Personal Reflections.

1.
Do you use a budget? Why or why not?
2.
List some places in your finances where you might be able to save a few dollars or more per week or per month.

Simple Interest.

Definition: Interest is only earned (or paid) on the original amount.

Example: You invest $500 and you earn 6% interest every year for 5 years.

Table 3.3.1.
Year Interest Balance
Start $500
1
2
3
4
5

Compound Interest.

Definition: Interest is earned on the original amount and any interest added to the account.

Example: You invest $500 at a rate of 6% interest compounded yearly for 5 years.

Table 3.3.2.
Year Interest Balance
Start $500
1
2
3
4
5

3.

[Optional] If you are doing this worksheet online, do the tables from the previous page in a spreadsheet, and then copy and paste them below.

Using Spreadsheet Formulas for Compound Interest.

You will need to use Microsoft Excel or Google Sheets while work on this worksheet. You can use a computer, tablet or smart phone with the Google Sheets App.

Future Value Formula: =FV(rate, nper, pmt, [pv], [type])

Present Value Formula =PV(rate, nper, pmt, [fv], [type])

Inputs:

4.
rate=
5.
nper=
6.
pmt=
7.
[pv]=
8.
[fv]=
9.
[type]=

Example 1..

If you invest $500 at 6% interest, calculate the balance after 5 years for each compounding interval. Write the formula used and inputs in proper syntax.
10.
Simple Interest
11.
Compounded Yearly
12.
Compounded Quarterly
13.
Compounded Monthly
14.
Compounded Daily (365)
15.
Compounded Continuously

Compounding Continuously.

If we let the number of compounding periods go to infinity we get a base of e in our function.
\begin{equation*} A=Pe^{rt} \end{equation*}
=P*exp(rate*years)

Effective Rate.

The corresponding rate if compounded yearly. Used to compare different compounding options.

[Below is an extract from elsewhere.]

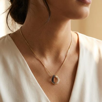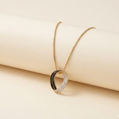 Това изискано колие, изработено от проба 925 сребро, впечатлява с уникален контрастен дизайн. Черният и блестящият циркониев елемент се преплитат, създавайки елегантен баланс между стил и лукс. Идеално допълнение към всяка визия, това бижу ще ви дари с неотразим блясък и чар. Подходящо както за ежедневието, така и за специални събития, колието е символ на финеса и класата.

=effect(nominal rate, periods per year)

Example 2..

Write the formula used and the inputs in proper syntax. Answer each question with a complete sentence, including units.
16.
How much would you need to deposit in an account that pays 5.25% compounded monthly to have $20,000 in 20 years?
17.
You get an inheritance of $15,000 and you decide to put it in an account that pays 7.1% interest compounded continuously. How much would it be worth in 25 years?
18.
You decide to save your tax refund of $1000 in an account that pays 6.5% compounded quarterly. How much would you have in 15 years?
19.
You are shopping for savings accounts and you find one with a rate of 3.25% compounded monthly and one with a rate of 3.15% compounded daily. Find the effective rates to determine which account has a better rate.

.

This box will be given on the quiz and tests. The inputs are also given when you start typing in a spreadsheet. You do not need to memorize the formulas, just know how to use them.
Financial Formulas.

=P + P*rate*years

=FV(rate, nper, pmt, [pv], [type])

=PV(rate, nper, pmt, [fv], [type])

=P*exp(rate*years)

=effect(nominal rate, periods per year)

=PMT(rate, nper, pv, [fv], [type])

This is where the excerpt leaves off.